Ces histoires de passeports et de cartes d'identité me rappellent ce long combat mené, à Damas, avec mes amis palestiniens du camp de Yarmouk.

Ils étaient cinq jeunes gens et la liberté leur pétillait dans les yeux. Il s'étaient affranchis tous seuls de leurs parents et vivaient dans un univers qu'il s'étaient créé, un univers de rires, de fêtes, d'excès, de chaos, d'amour.

Autour de chez eux, les quartiers sud de Damas rongaient petit à petit la vie de leur grisaille et de leur désespoir: explosion démographique, pollution, répression. Le mont Hermon, miroir des aigles (pardon Char, encore!), était en vue.

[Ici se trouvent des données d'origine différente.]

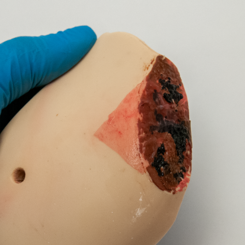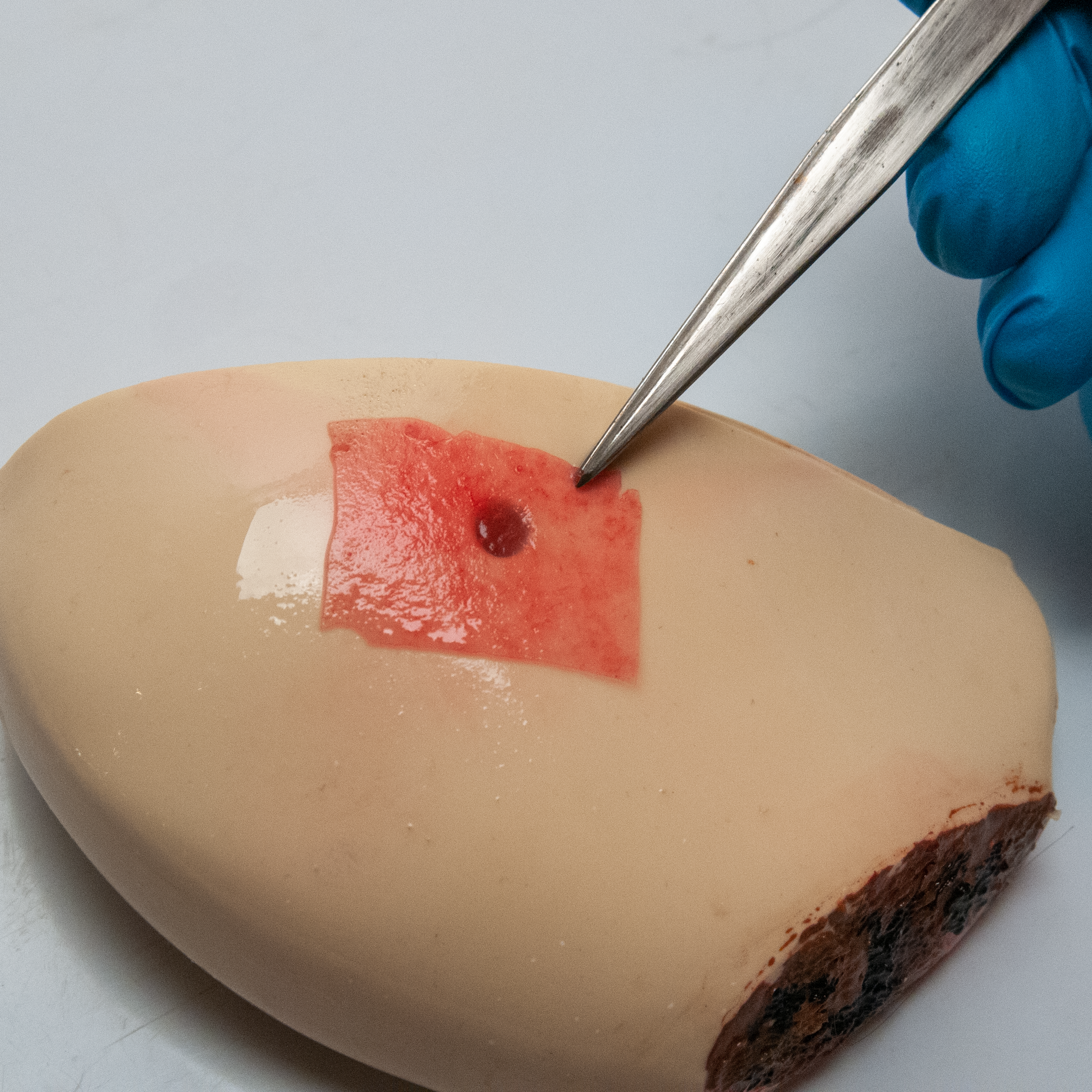 Did you know that amniotic membrane used to treat wounds is .070-.150 mm thick? Just to give you some reference, a single piece of copy paper is .010 mm thick. Our model makers created hundreds of samples before arriving at some that lived up to our testing and expectations. Durability, thickness, color, tear strength, elongation, and ability to unfold were just some of the properties and behaviors we were balancing. For example, a higher tear strength increases durability but inhibits realistic tissue movement.

Il fallait convaincre Harb, leur père, un ancien fedayyin, acteur de la révolution palestinienne échouée de1970, de regagner la Jordanie à l'occasion d'une amnistie proférée par le Roi. Qu'il retourne à Amman, et renouvelle son propre passeport jordanien, périmé depuis des lustres: tel était l'objectif à atteindre, pour que ses enfants puissent avoir des passports eux aussi.

Cela dura des mois. Il fallut aller manger des abats dans son repaire, quelque part dans le camp Falasteen. Il fallut écouter ses prêches. Faire des courbettes. Apporter des offrandes. Subir ses colères. Pour mes cinq amis, le vieux Harb était à nouveau indispensable, et lui s'en donnait à coeur joie dans son rôle retrouvé de père.

Puis un jour, il partit en Jordanie. Ce fut comme l'éclipse du Mehdi, ou la fuite à Baden Baden: longues journées de silence, temps suspendu, souffle retenu. Reviendra-t-il?

Il revint. Avec un passeport. Pour mes cinq amis, cela signifiait la possibilité de voyager et d'envisager une autre vie.

Ils ne se firent pas prier: ils sont aujourd'hui en Belgique, en Autriche, en Italie et au Danemark.

Réalisant ce qu'une majorité de jeunes gens de Palestine, Syrie, Egypte souhaitent faire: partir. Laissant se tarir derrière eux ces oasis de liberté qu'ils surent créer dans leurs déserts de peur.